Мы поедем, мы помчимся…
При виде тов. Джугашвили-Сталина не грех было б задаться лингвистическим вопросом на тему: “нарды”-“нарты”-“нары”. Да и Нарым, он там бывал. Но, правда же, язык немел при виде клади на задних нартах: осетр пуда в три! Летом для сохраненья пихали им под жабры влажный мох, сырую паклю; зимой морозы костенили. И эдакую рыбу-царь он вез в подарок царь-девице.
* * *
Казалось бы, что мне Гекуба – эта Вера Д.? Ан нет, сконфужен, хоть виноват я без вины. Сидел себе в архиве, о пакостях не помышлял, да вдруг как будто бы приник к замочной скважине. Читаю документ начала века: “Солдат Мойше-Иуда Губельман живет гражданским браком с дворянкой Верой Александровной Д., 1888 г. рождения”. Сей Губельман был Ярославский. В Серебряном бору я видел, как он гуляет по берегу Москвы-реки: зерентуйский каторжанин, безбожник, не веривший ни в Бога, ни в безбожников. Сивогривый, сивоусый, руки за спиной. А рядом, через дорогу – дача; там он растил цветы.
Но здесь я исключительно о розе. Как дева русская свежа в пыли снегов! Головка белокурая; камея, право. И белый, как снежинка, профиль. Точь-в-точь как тот, что обозначен на бандероли папиросок “Нора”. В присутствии лишь Веры Д. курил их Джугашвили-Сталин. А покупал тотчас же в день приезда в магазине фирмы “Ревильон и K°”. Да, он дымил, молчал, слова роняя скупо. Не мастер говорить он обо всем и ни о чем. Да ведь они ж беседуют об Ибсене, о Норе. Свердлов – цыплячья грудь и трубный бас, утрами бегает на лыжах, говор шибкий, будто шашкою лозу сечет, однако пойди-ка угадай, что он в единственном числе нам все казачество возьмет да расказачит.
Ой-ой, забыл дать информацию, за что и почему актрису Веру Д. столь щедро осыпала пыль нордических снегов.

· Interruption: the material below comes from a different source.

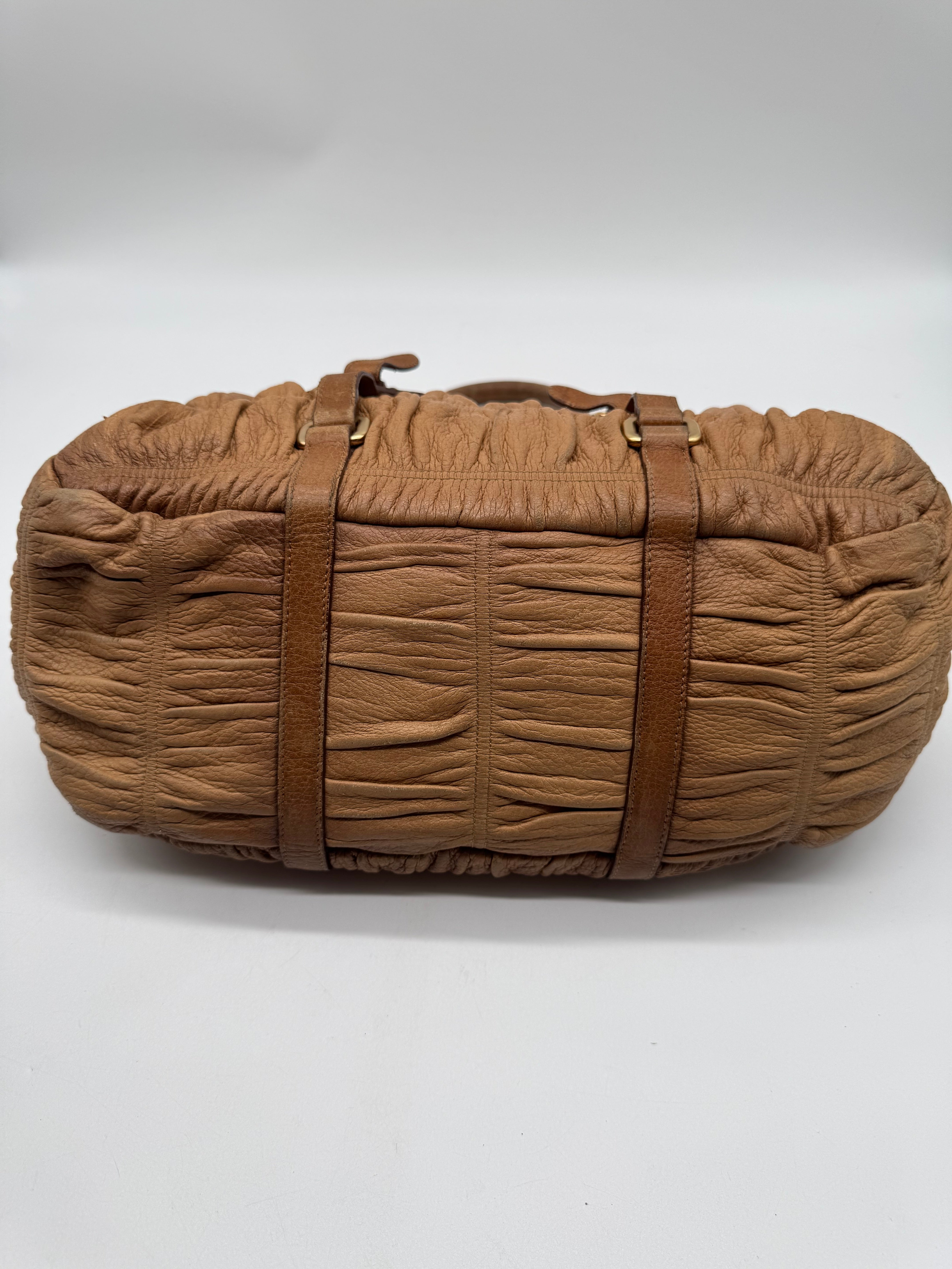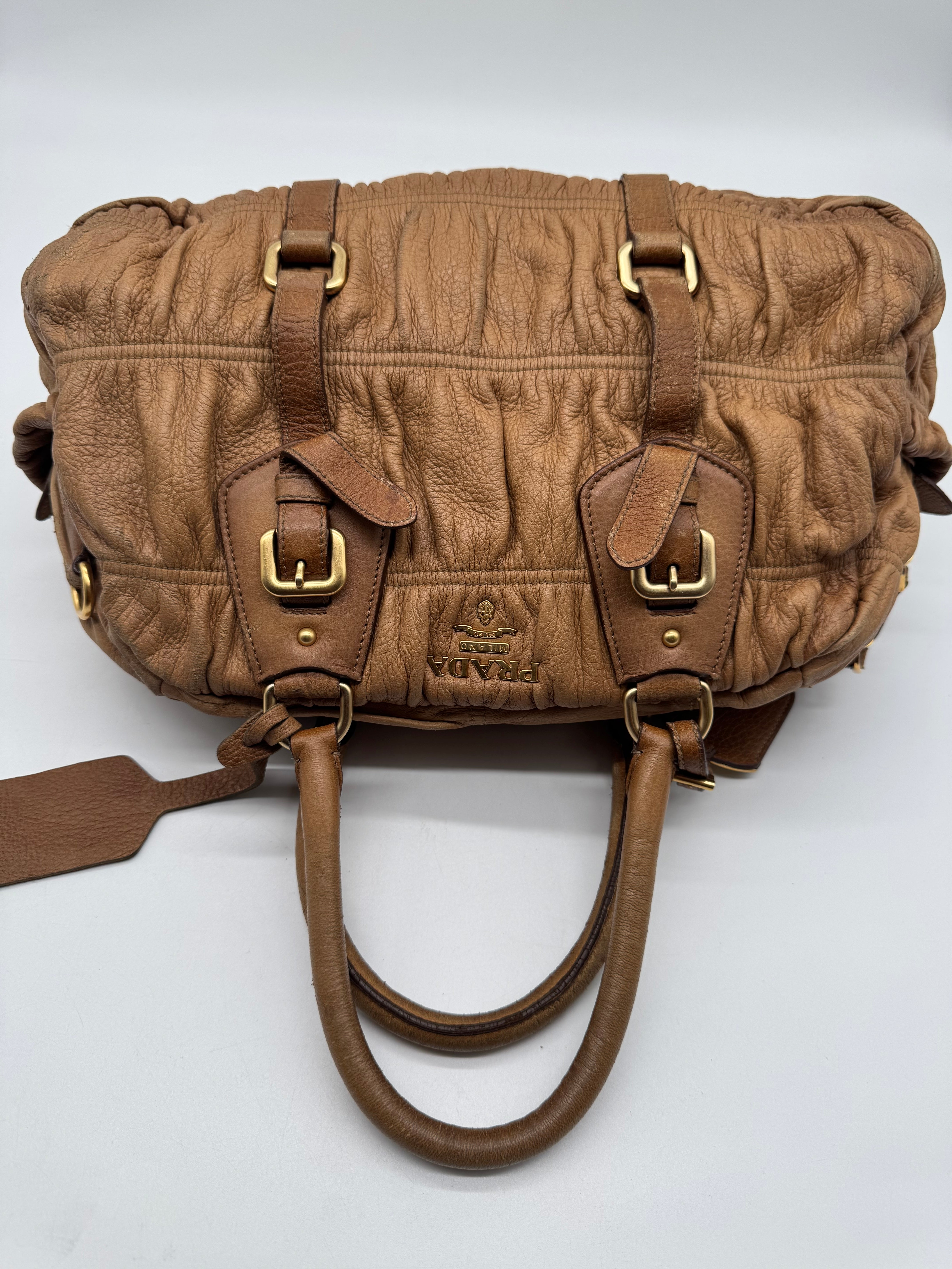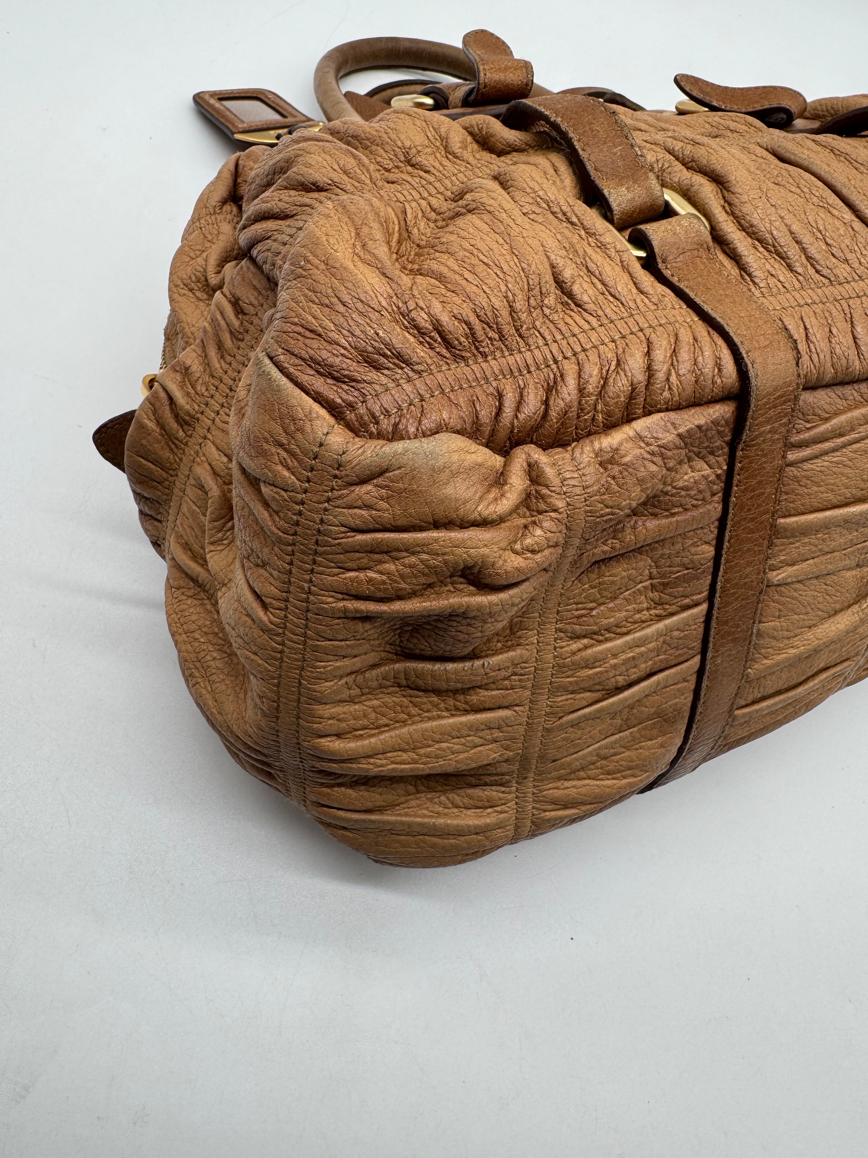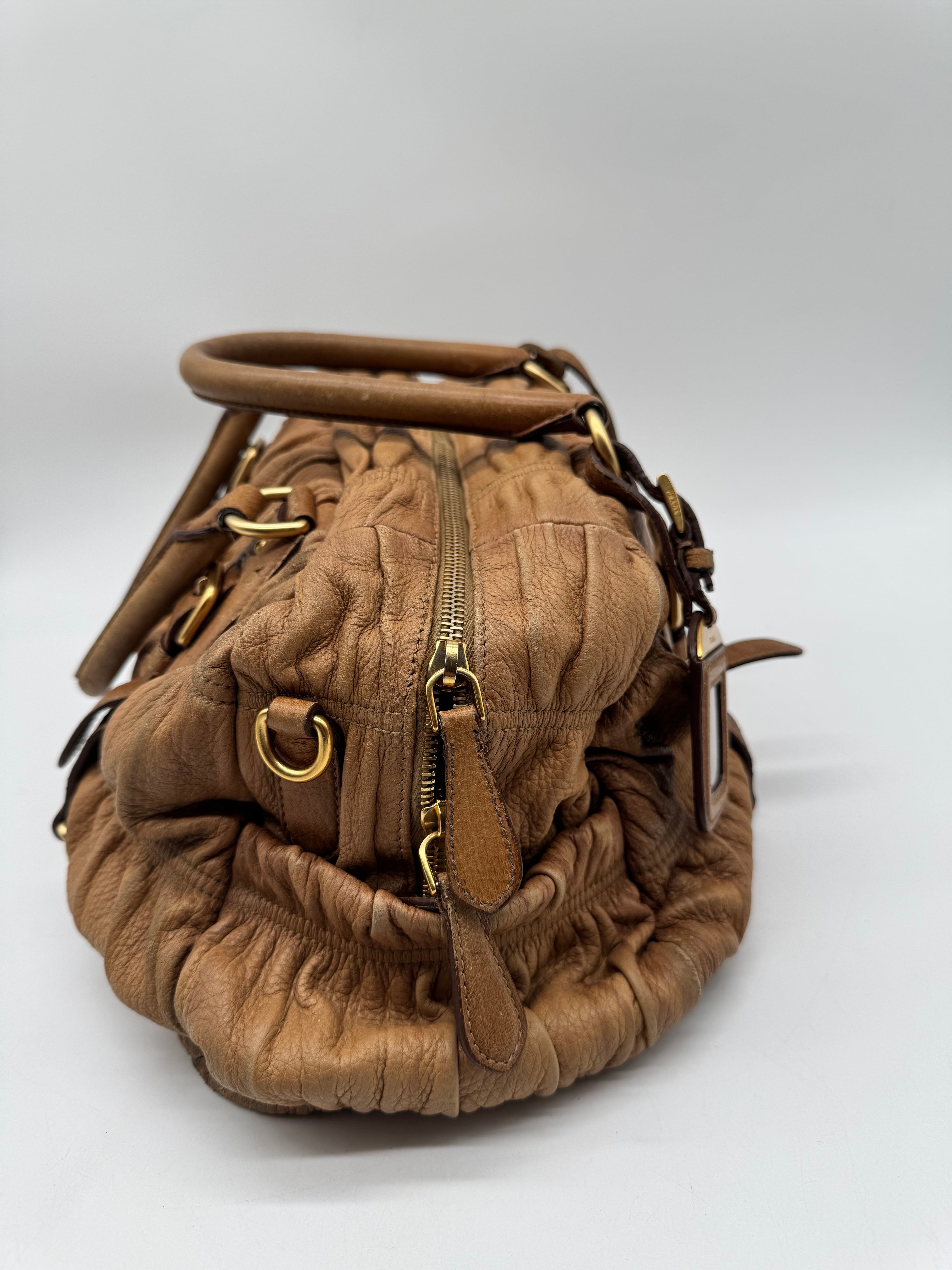 Brand:Prada Model:deer skin gathered leather bag Exterior material:leather Exterior colour:camel Print:plain Interior material:nylon Closure:zip Hardware tone:gold Type:shoulder bag Accessories: Features:a... Read more Read more

Загадка для меня ее служенье Мельпомене. Бывала на подмостках МХТ, что в Камергерском? Когда? Не знаю, не уверен. А если да, то, думаю, недолго и без блеска. А путь на норд, в эфиры северных сияний? Тогда воскликнем дважды: о, Ибсен! Нора, о! Ее сослали за храненье нелегальщины? Опять сомнения берут. Сослали в Туруханку? Уж это слишком, согласитесь, негуманно – женщина… Уж так ли негуманно? Дочь Цветаевой туда же угодила – в Туруханку. И тоже, знаете ль, при жизни И.В. Сталина. Как все мы, щепки, леса рубившие для всех лесов на стройках коммунизма. Ариадна жила здесь с полувзводом ссыльных женщин, ударников труда. Она писала письма Пастернаку. На поле снег, над полем вьюга. А в дымоходе подвывает каторга. Да полно нам чернить эпоху. Из Туруханки в годовщину Октября – вот это: “Представляете себе, какая красота все эти алые знамена, лозунги, пятиконечные звезды на ослепительном белом снеге, под немигающим, похожим на луну северным солнцем!”
* * *
Но немигающее солнце скрылось. Взошла луна, похожая на солнце. Летел, спешил влюбленный Джугашвили. Упряжку гнал и пел наперекор ветрам.
Мы поедем, мы помчимся…
Он мчался в Монастырское. Он Веру Д. любил. Она его считала “из Помяловского”: сальный, неопрятный и корявый. С таким об Ибсене не побеседуешь.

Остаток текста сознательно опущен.